To Inline or Not to Inline? Enhanced Inlining Decisions
Peng Zhao and Jose Nelson Amaral
To appear at
16th Workshop on Languages and Compilers for Parallel Computing (LCPC03), College Station, TX, 2-4 October 2003
Full Text, Printable Abstract.
Abstract
The decision to inline a procedure in the Open Research Compiler (ORC)

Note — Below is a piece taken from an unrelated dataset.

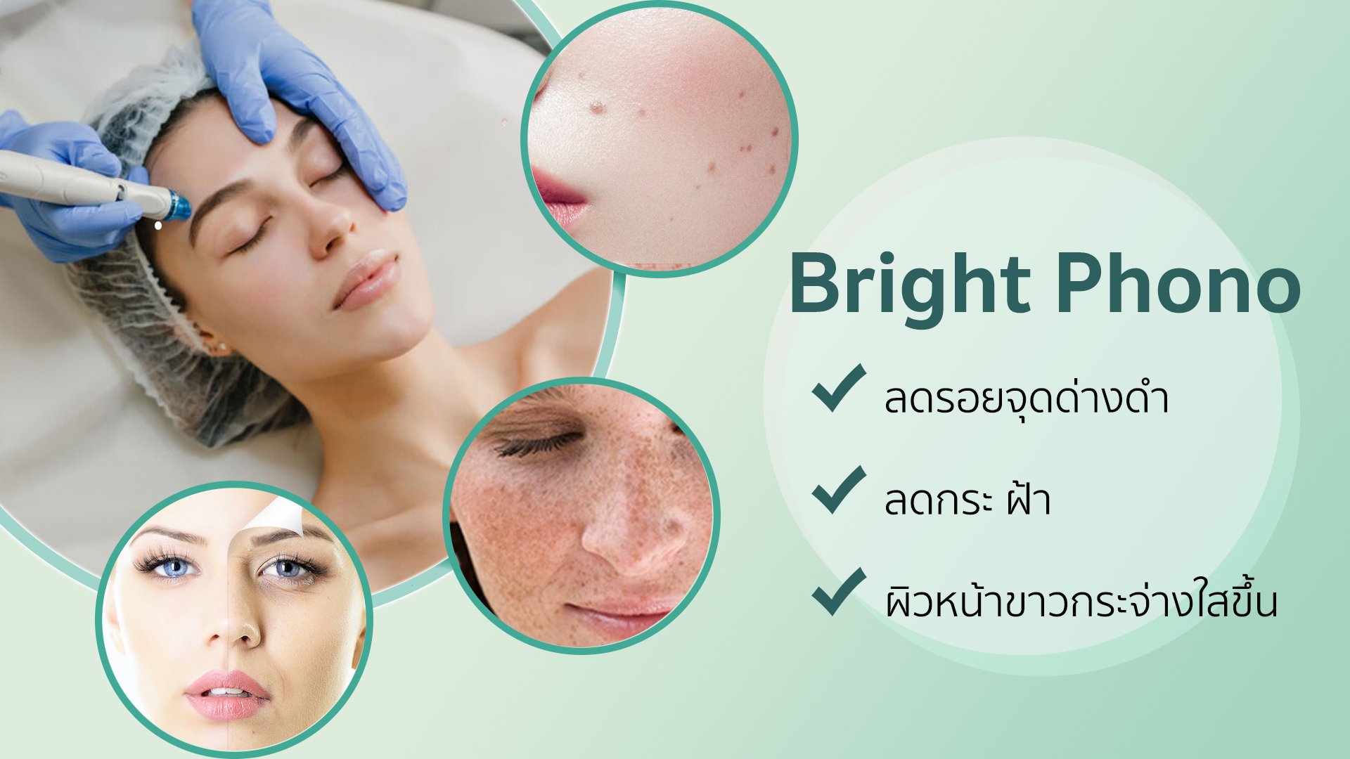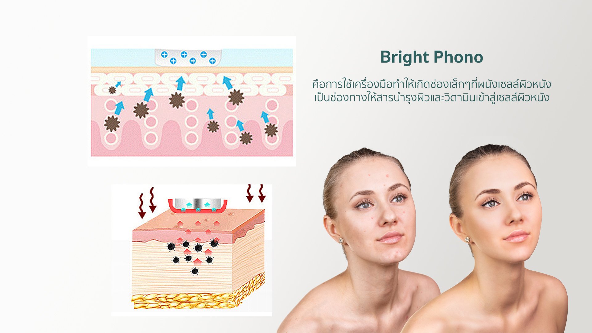 โปรแกรม Bright Phono คือการใช้เครื่องมือทำให้เกิดช่องเล็กๆที่ผนังเซลล์ผิวหนัง เป็นช่องทางให้สารบำรุงผิวและวิตามินเข้าสู่เซลล์ผิวหนัง ช่วยลดความแห้งกร้านของผิว ผลของการทำเทียบเท่ากับการใช้มอยซ์เจอไรเซอร์จำนวนมาก อีกทั้งสามารถนำสารบำรุงผิวเข้าใต้ผิวหนังในระดับลึกได้ดีโดยแพทย์จะตรวจสภาพผิวหน้า เลือกวิตามินและสารบำรุงผิวที่เหมาะสมกับสภาพผิวหน้าและปัญหาของแต่ละบุคคล

was based on a temperature heuristics that takes into
consideration the time spent in a procedure and the size of the
procedure. In this paper we describe the trade-off that has to be
worked out to make the correct inlining decisions. We introduce two
new heuristics to enhance the ORC inlining heuristics:
adaptation and cycle_density. With adaptation we are allowed to
vary the temperature threshold and prevent penalizing small
benchmarks. With cycle_density we prevent the inlining of procedures
that have a high temperature in spite of being called infrequently. We
implemented our improved heuristics in the ORC and tested them for the
Intel Itanium Processor Family Platform using the SPEC INT2000
benchmark suite. While adaptation improves the speedup obtained with
inlining across the SPEC2000 suite, cycle_density reduces
significantly both the code growth and compilation time increase
caused by inlining. We then characterize the SPEC INT2000 benchmarks
according to the inlining potential of their function calls. Our
enhancement is released in the ORC 2.0.